3.2.1 Cluster Analysis:
Cluster analysis (CA) is used to develop meaningful aggregations or groups of entities based on a large number of interdependent variables. The resulting clusters of objects should exhibit high internal (within - cluster) homogeneity and high external (between clusters) heterogeneity. Agglomerative hierarchical clustering (AHC) analysis is the most common approach, which provides intuitive similarity relationships between any one sample and the entire data set, and is typically illustrated by a dendrogram (tree diagram) (McKenna, 2003). The dendrogram provides a visual summary of the clustering processes, presenting a picture of the groups and their proximity with a dramatic reduction in dimensionality of the original data. The Euclidian distance usually gives the similarity between two samples and a distance can be represented by the difference between analytical values from the samples (Otto, 1998). In this study, AHC analysis was performed on the normalized data set by means of the Ward’s method, using Euclidean distances as a measure of similarity. The Ward’s method uses an analysis of variance approach to evaluate the distances between clusters in an attempt to minimize the sum of squares (SS) of any two clusters that can be formed at each step. The spatial variability of water environment quality in the whole river basin was determined from CA, which divides a large number of objects into smaller number of homogenous groups on the basis of their internal correlations.

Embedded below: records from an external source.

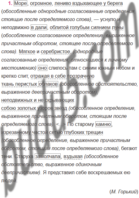 1. Спишите текст, устно объясняя постановку знаков препинания при обособлении второстепенных членов предложения.
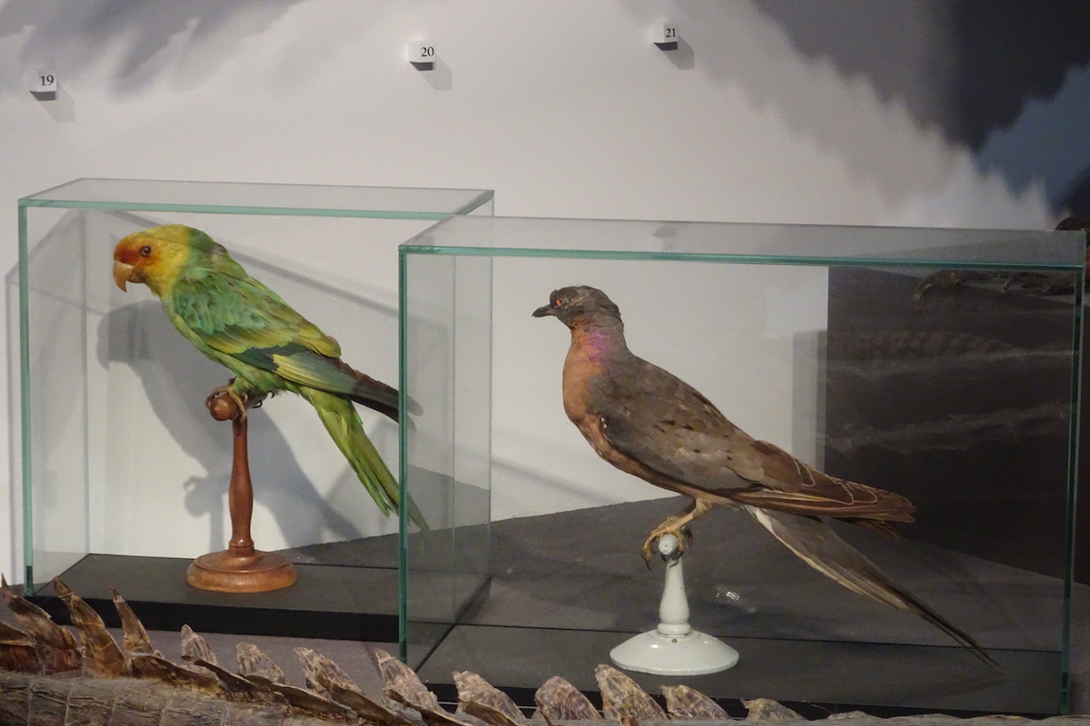 Der Vielfalt an Tropentieren ist ein anderer, kleinerer Ausstellungsbereich gewidmet. Dort ist ein seltenes Exemplar des Spix-Aras ausgestellt. Diese Art wurde erst 2023 aus Volierenbeständen wieder in ihre brasilianische Heimat ausgewildert. Sie galt bisher als ausgestorben. Nicht wieder zum Leben erweckt werden, können die Wandertaube und der Karolinasittich. Die beiden Arten der USA kamen einst in den Südstaaten in grosser Anzahl vor, wurden aber hauptsächlich schon im 19. Jahrhundert von Siedlern ausgerottet. Die Wandertaube unternahm in riesigen Schwärmen, die wie Wolken wirkten, grosse Züge bis in nördliche Bundesstaaten. Auf alten Illustrationen sind diese Taubenwolken eindrücklich dargestellt.
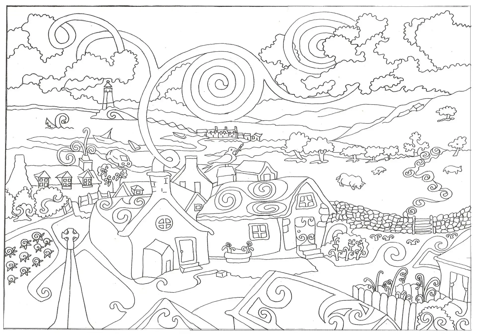Раскраски для взрослых деревня
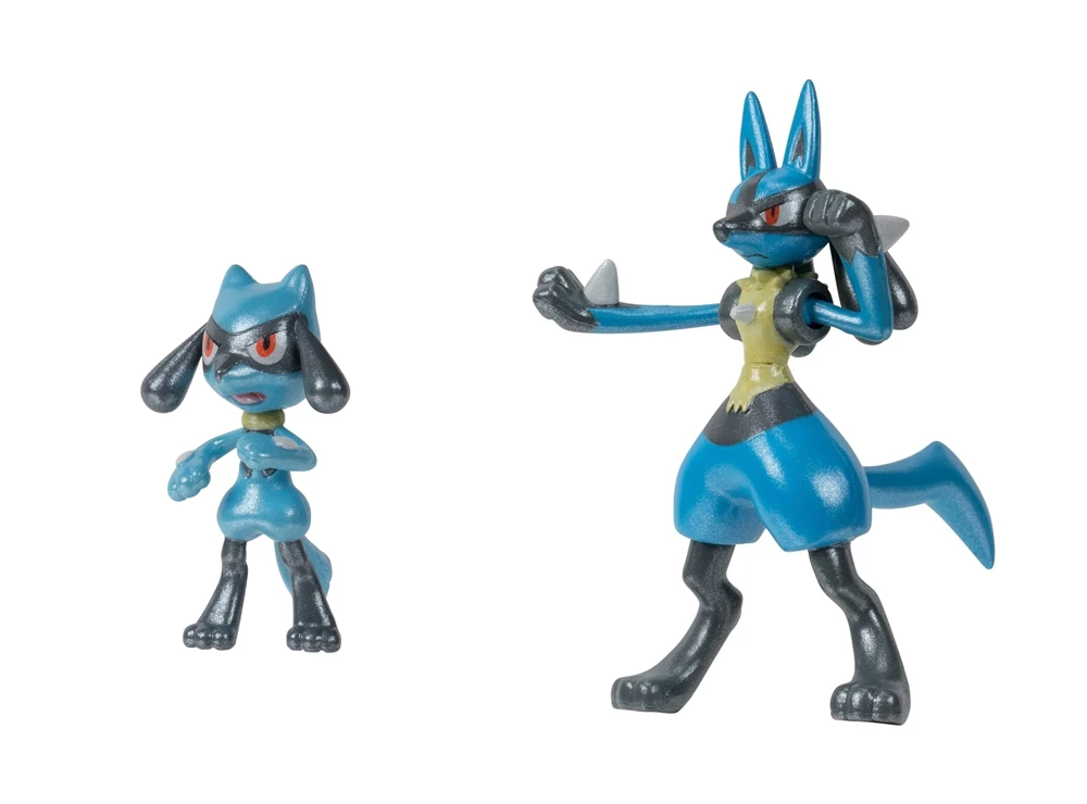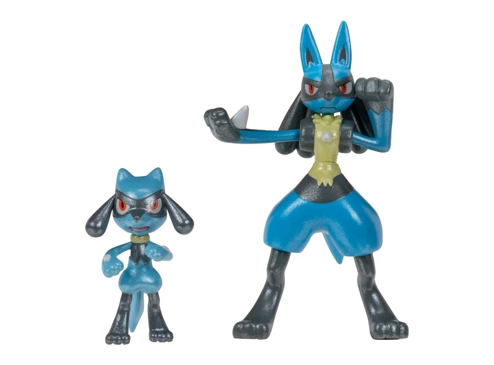 Σετ με φιγούρες των Riolu και Lucario (Select Evolution Multi-Pack) από την anime και video game σειρά Pokemon. Σετ με δυο μικρές φιγούρες από υλικό PVC, ύψους 5 εκ. με 7 εκ., από την Jazwares.

3.2.2 Principal component analysis / factor analysis:
Factor analysis, which includes PCA is a very powerful technique applied to reduce the dimensionality of a dataset consisting of a large number of interrelated variables, while retaining as much as possible the variability presented in dataset. This reduction is achieved by transforming the dataset into a new set of variables namely the principal components (PCs), which are orthogonal (non-correlated) and are arranged in decreasing order of importance. Mathematically, the PCs are computed from covariance or other cross-product matrix, which describes the dispersion of the multiple measured parameters to obtain Eigen values and Eigenvectors. PCA also attempts to explain the correlations between the observations in terms of the underlying factors, which are not directly observable (Yu et al. 2003). This study comprises application of multivariate statistical techniques to analyze water quality dataset obtained from the Mahandi River in Odisha.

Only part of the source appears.